__What you will do__. Below are records with pictures in them; print them exactly, omitting the pictures.

__Extracted entries__.

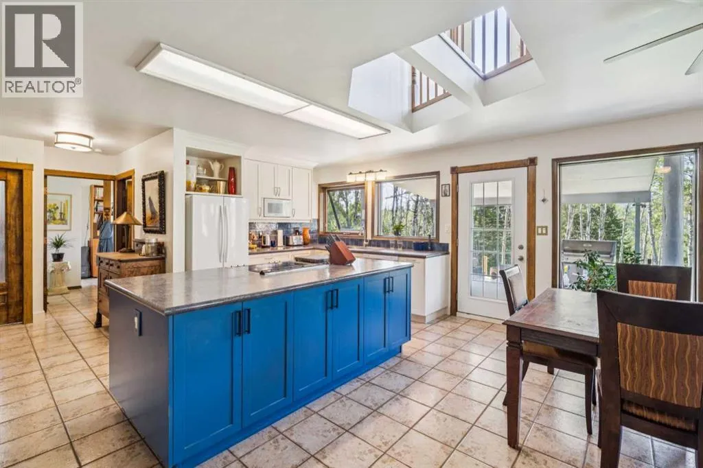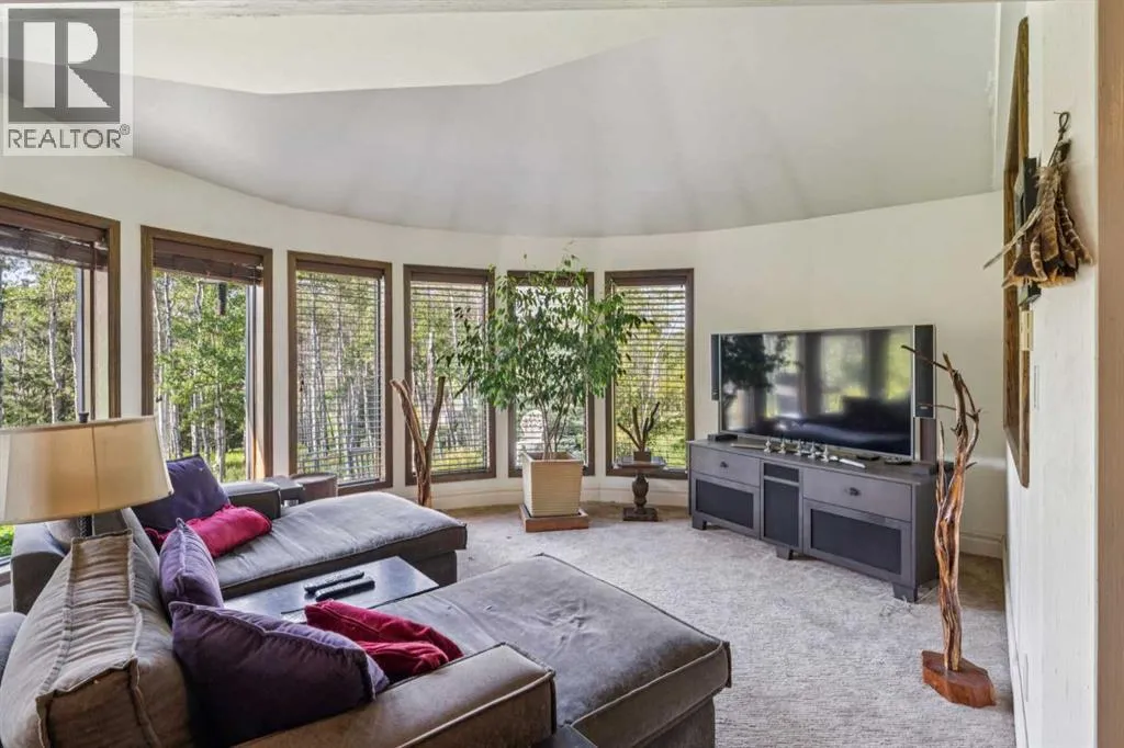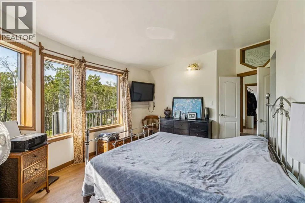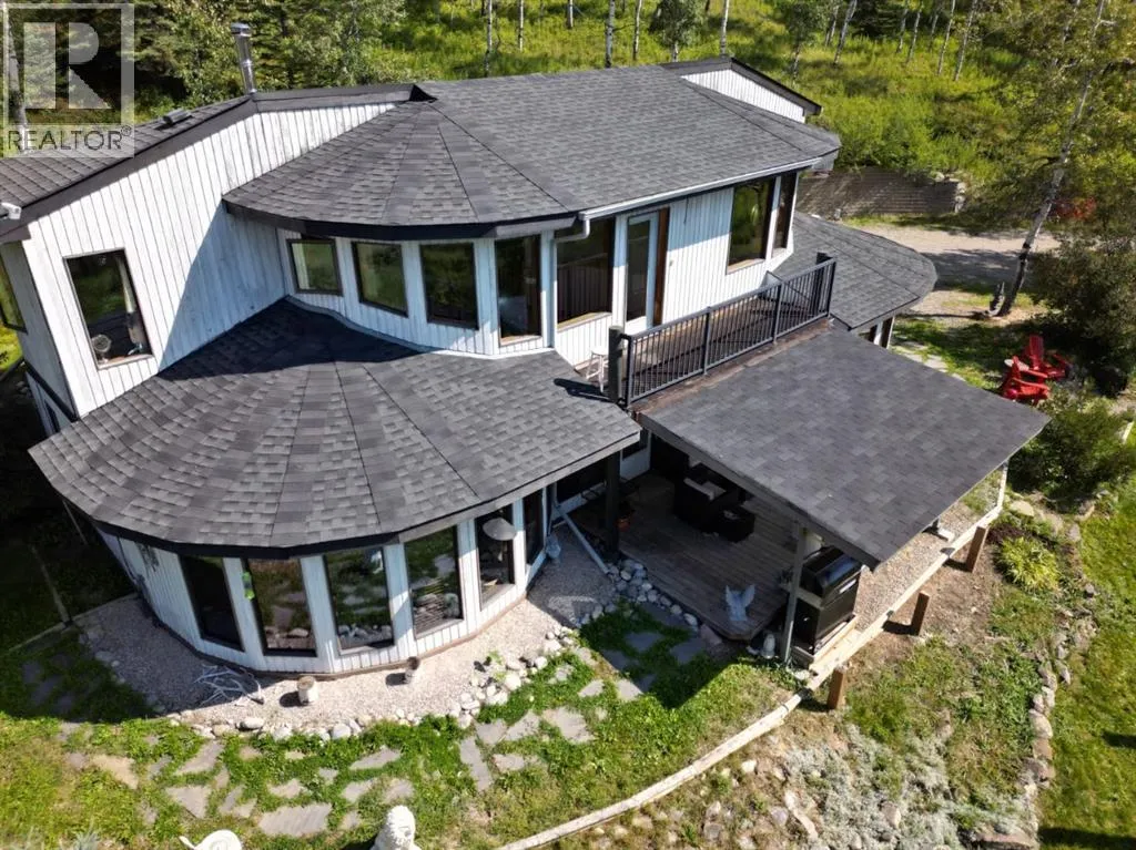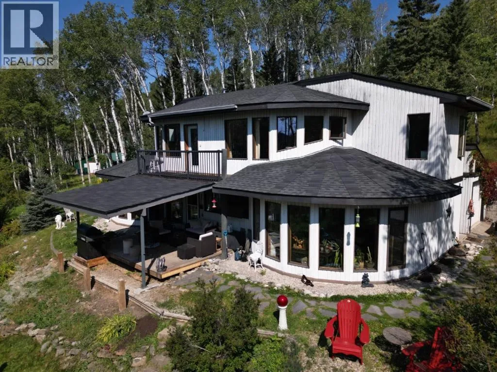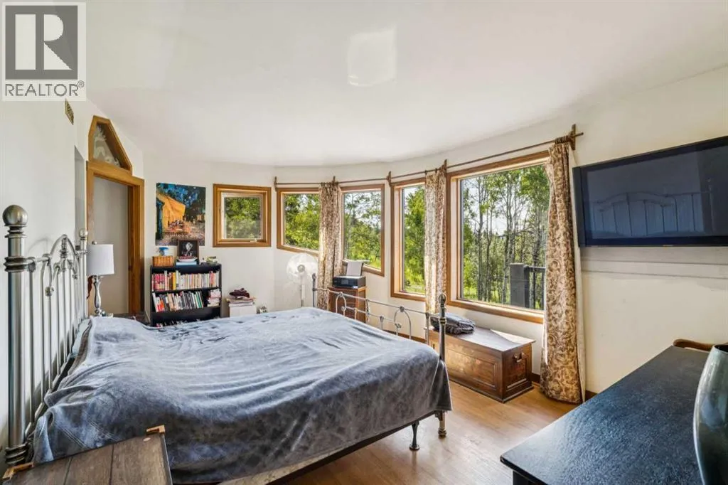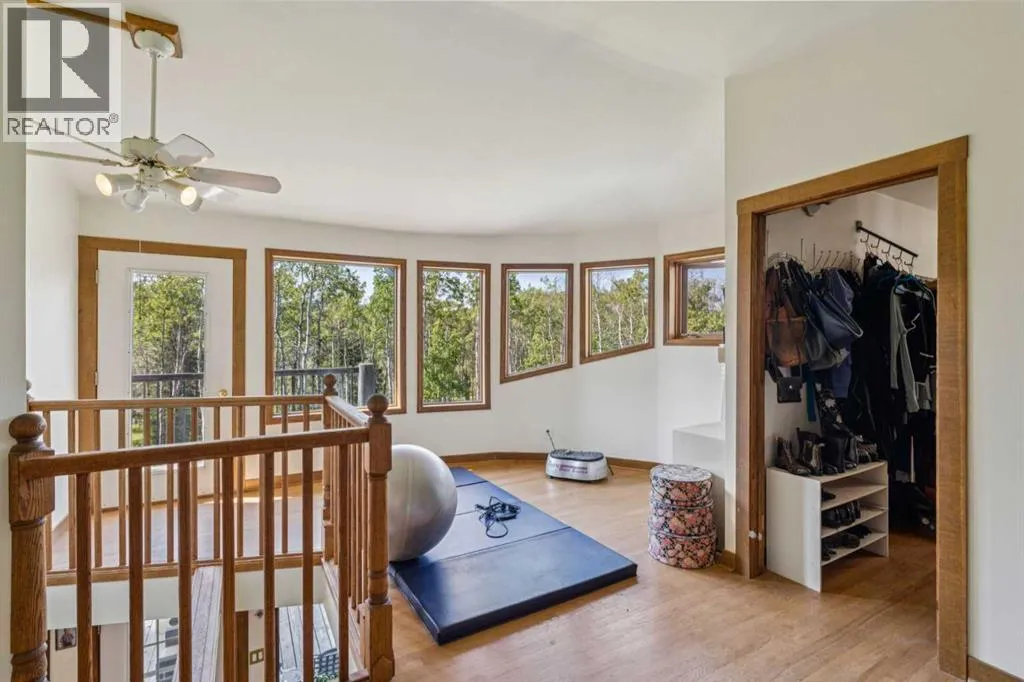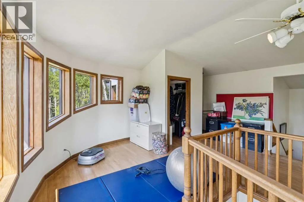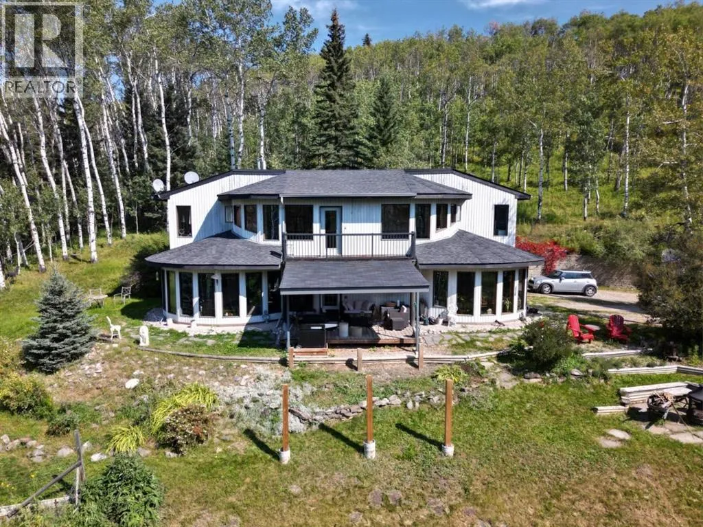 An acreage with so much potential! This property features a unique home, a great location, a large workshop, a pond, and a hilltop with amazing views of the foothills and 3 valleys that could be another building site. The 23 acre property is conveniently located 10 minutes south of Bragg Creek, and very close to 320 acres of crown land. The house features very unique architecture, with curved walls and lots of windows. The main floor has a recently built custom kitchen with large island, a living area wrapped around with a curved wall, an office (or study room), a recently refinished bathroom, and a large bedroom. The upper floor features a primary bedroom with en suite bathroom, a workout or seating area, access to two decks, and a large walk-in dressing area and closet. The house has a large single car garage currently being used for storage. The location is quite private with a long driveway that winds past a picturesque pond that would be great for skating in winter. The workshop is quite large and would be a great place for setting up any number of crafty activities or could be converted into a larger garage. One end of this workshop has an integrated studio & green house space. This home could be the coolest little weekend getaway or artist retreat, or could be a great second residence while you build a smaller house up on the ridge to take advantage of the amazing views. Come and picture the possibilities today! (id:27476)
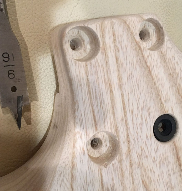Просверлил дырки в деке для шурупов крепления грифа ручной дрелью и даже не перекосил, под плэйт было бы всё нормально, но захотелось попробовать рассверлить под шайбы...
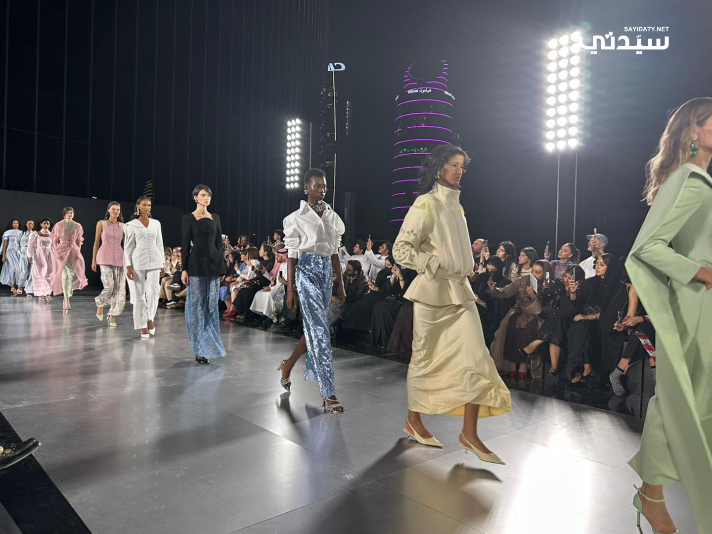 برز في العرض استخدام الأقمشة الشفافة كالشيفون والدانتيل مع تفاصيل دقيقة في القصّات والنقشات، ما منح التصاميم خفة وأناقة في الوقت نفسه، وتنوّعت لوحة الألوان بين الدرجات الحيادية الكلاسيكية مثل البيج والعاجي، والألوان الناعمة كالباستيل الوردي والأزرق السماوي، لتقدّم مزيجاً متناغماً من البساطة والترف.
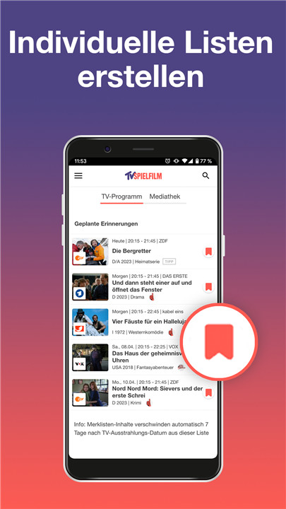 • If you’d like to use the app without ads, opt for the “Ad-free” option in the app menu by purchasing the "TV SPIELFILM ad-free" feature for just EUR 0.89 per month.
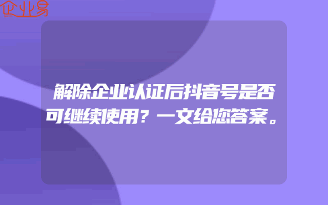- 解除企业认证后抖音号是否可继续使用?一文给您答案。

__Result__.
 An acreage with so much potential! This property features a unique home, a great location, a large workshop, a pond, and a hilltop with amazing views of the foothills and 3 valleys that could be another building site. The 23 acre property is conveniently located 10 minutes south of Bragg Creek, and very close to 320 acres of crown land. The house features very unique architecture, with curved walls and lots of windows. The main floor has a recently built custom kitchen with large island, a living area wrapped around with a curved wall, an office (or study room), a recently refinished bathroom, and a large bedroom. The upper floor features a primary bedroom with en suite bathroom, a workout or seating area, access to two decks, and a large walk-in dressing area and closet. The house has a large single car garage currently being used for storage. The location is quite private with a long driveway that winds past a picturesque pond that would be great for skating in winter. The workshop is quite large and would be a great place for setting up any number of crafty activities or could be converted into a larger garage. One end of this workshop has an integrated studio & green house space. This home could be the coolest little weekend getaway or artist retreat, or could be a great second residence while you build a smaller house up on the ridge to take advantage of the amazing views. Come and picture the possibilities today! (id:27476)
Просверлил дырки в деке для шурупов крепления грифа ручной дрелью и даже не перекосил, под плэйт было бы всё нормально, но захотелось попробовать рассверлить под шайбы...
 برز في العرض استخدام الأقمشة الشفافة كالشيفون والدانتيل مع تفاصيل دقيقة في القصّات والنقشات، ما منح التصاميم خفة وأناقة في الوقت نفسه، وتنوّعت لوحة الألوان بين الدرجات الحيادية الكلاسيكية مثل البيج والعاجي، والألوان الناعمة كالباستيل الوردي والأزرق السماوي، لتقدّم مزيجاً متناغماً من البساطة والترف.
 • If you’d like to use the app without ads, opt for the “Ad-free” option in the app menu by purchasing the "TV SPIELFILM ad-free" feature for just EUR 0.89 per month.
- 解除企业认证后抖音号是否可继续使用?一文给您答案。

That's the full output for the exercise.